By imitating the middle order traversal, you can easily write a recursive implementation of the post-order traversal:
public class Solution { public List<Integer> postorderTraversal(TreeNode root) { List<Integer> result = new ArrayList<Integer>(); recurse(root, result); return result; } private void recurse(TreeNode root, List<Integer> result) { if (root == null) return; recurse(root.left, result); recurse(root.right, result); result.add(root.val); }} The iteration of post-order traversal also requires a identification to distinguish whether the left and right children of a node have been accessed.
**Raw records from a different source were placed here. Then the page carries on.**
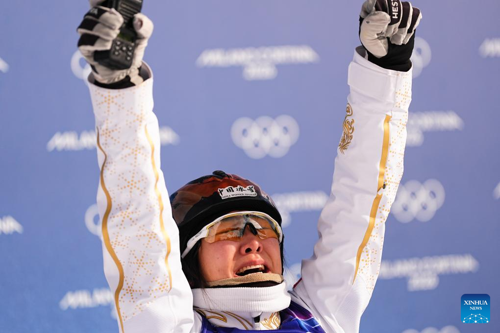 LIVIGNO, 18 febrero, 2026 (Xinhua) -- Xu Mengtao, de China, festeja al término de la final 2 de aerials femenino de esquí acrobático en los Juegos Olímpicos de Invierno Milán-Cortina 2026, en Livigno, Italia, el 18 de febrero de 2026. (Xinhua/Wu Huiwo)
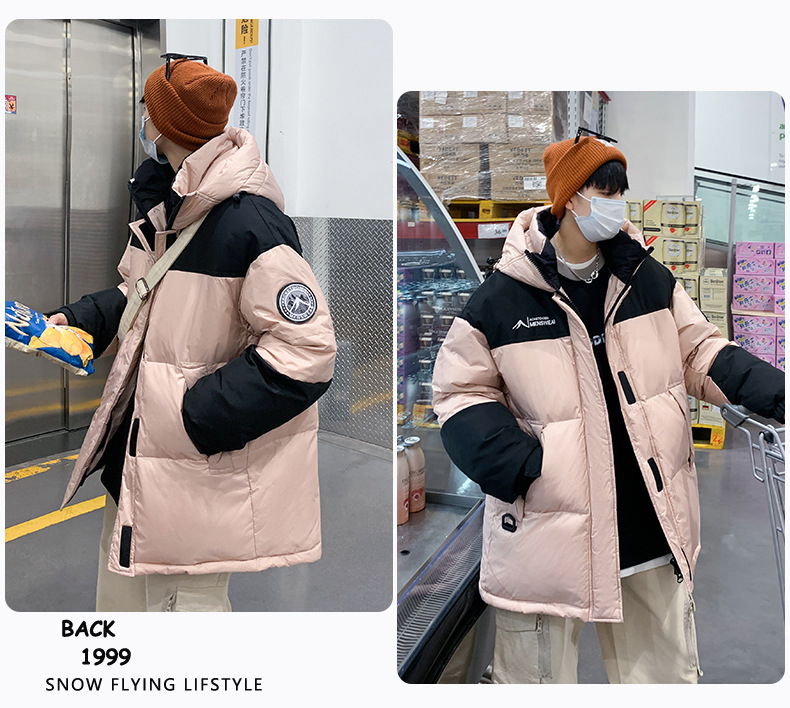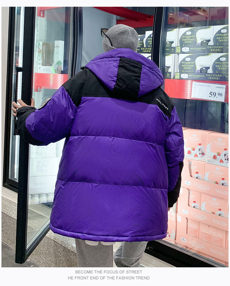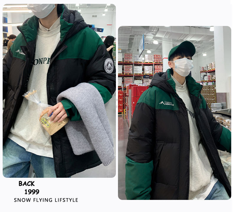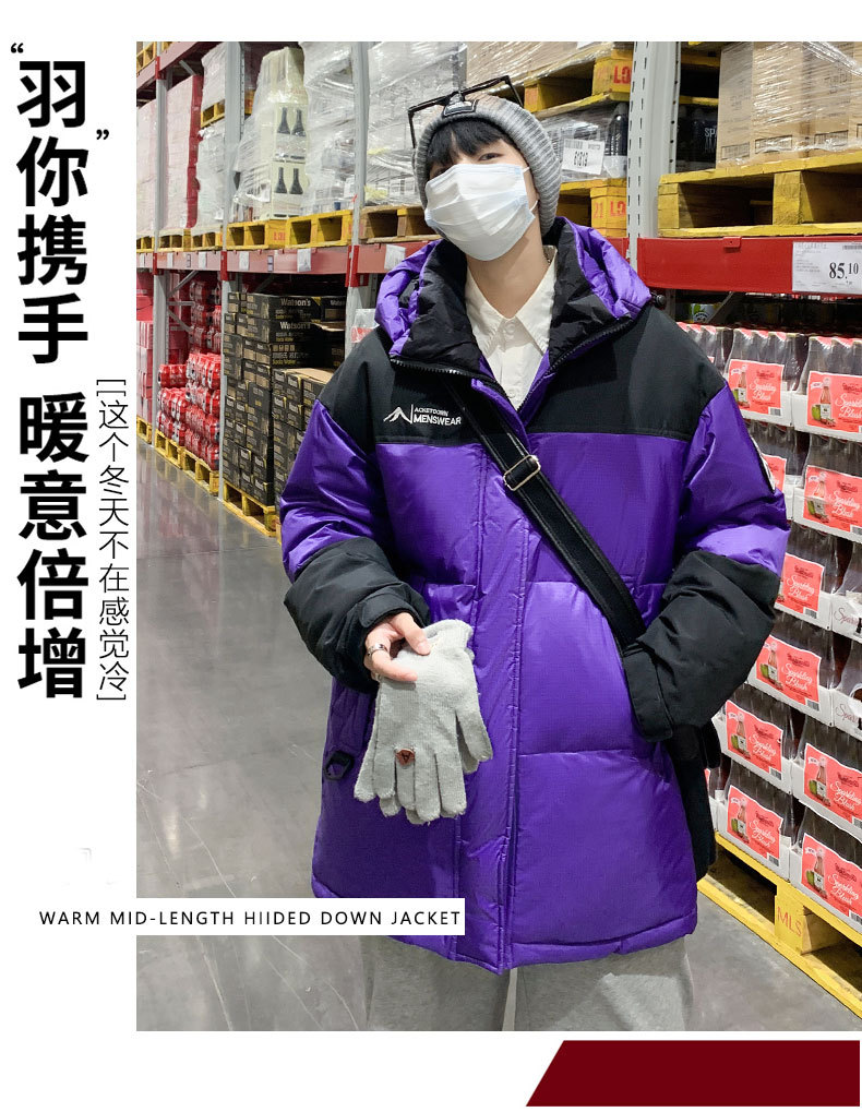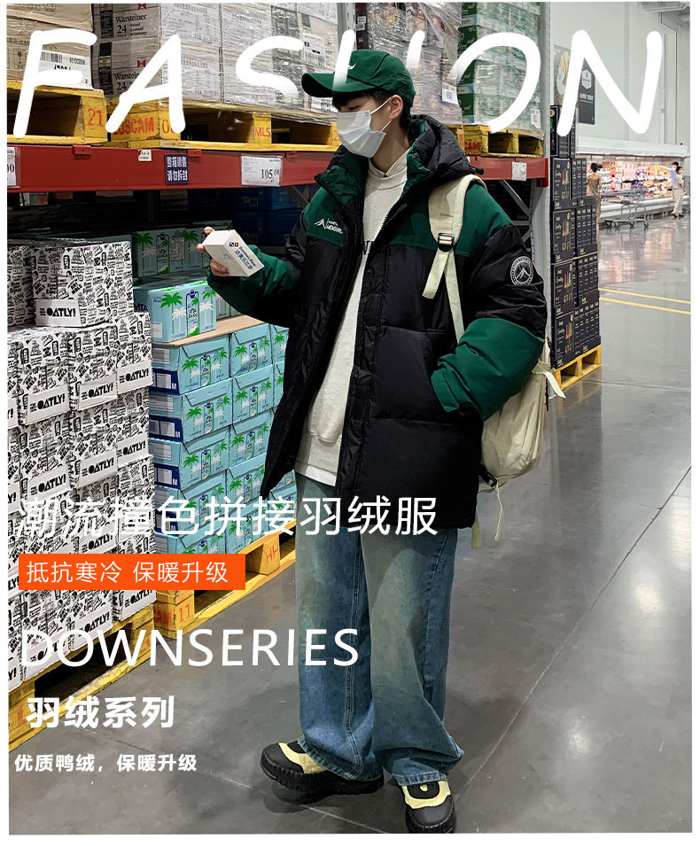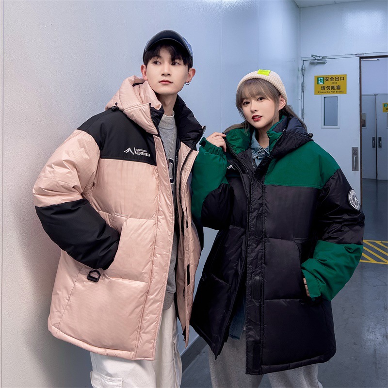 2023新款情侣羽绒服男女冬季拼接撞色宽松情侣加厚保暖运动外套潮
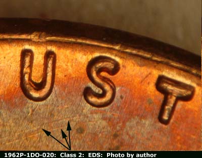 Heavy die scratches under the US of TRUST. Heavy die scratches under IN. Die scratches run NE-SW through LIBERTY.

If not, the left and right children will be accessed in turn. If it has been accessed, the node will be accessed. To this end, we use a pre variable to represent the node we visited. If the node we visited is the left or right child of the current node, it means that the left and right children of the current node have been accessed, and then we can access the node. Otherwise, we need to enter the left and right children to access it in turn. The code is as follows:
public class Solution { public List<Integer> postorderTraversal(TreeNode root) { List<Integer> result = new LinkedList<Integer>(); Stack<TreeNode> stack = new Stack<TreeNode>(); if (root != null) stack.push(root); TreeNode pre = root; while (!stack.isEmpty()) { TreeNode curr = stack.peek(); if (curr.left == pre || curr.right == pre || (curr.left == null && curr.right == null)) { result.add(curr.val); stack.pop(); pre = curr; } else { if (curr.right != null) stack.push(curr.right); if (curr.left != null) stack.push(curr.left); } } return result; }} There is another relatively simple implementation of the iteration of the post-order traversal. We know that the order of the pre-order traversal is parent, left, and right, while the order of the post-order traversal is left, right, and parent. So if we slightly modify the pre-order traversal and change it to the order of the parent, right, and left, then it is just the opposite of the order of the post-order traversal. After accessing it in this order, we can invert the access result in the end. Iterative implementation of pre-order traversal is relatively easy. According to the above writing method, we can implement it as follows:
public class Solution { public List<Integer> postorderTraversal(TreeNode root) { List<Integer> result = new LinkedList<Integer>(); Stack<TreeNode> stack = new Stack<TreeNode>(); if (root != null) stack.push(root); while (!stack.isEmpty()) { TreeNode curr = stack.pop(); result.add(curr.val); if (curr.left != null) stack.push(curr.left); if (curr.right != null) stack.push(curr.right); } Collections.reverse(result); return result; }}
4. Summary
The recursive implementation of all three traversals is easy. It is best to write the iteration implementation of preorder traversal, and only one stack is needed; mid-order traversal is the most difficult. In addition to determining whether the stack is empty, the loop condition also needs to determine whether the current node is empty to indicate whether the left subtree has been traversed; if the iteration of subsequent traversal is converted into preorder traversal iteration, it is much easier. Otherwise, it is also necessary to record the previous access node to indicate whether the left and right subtrees of the current node have been accessed.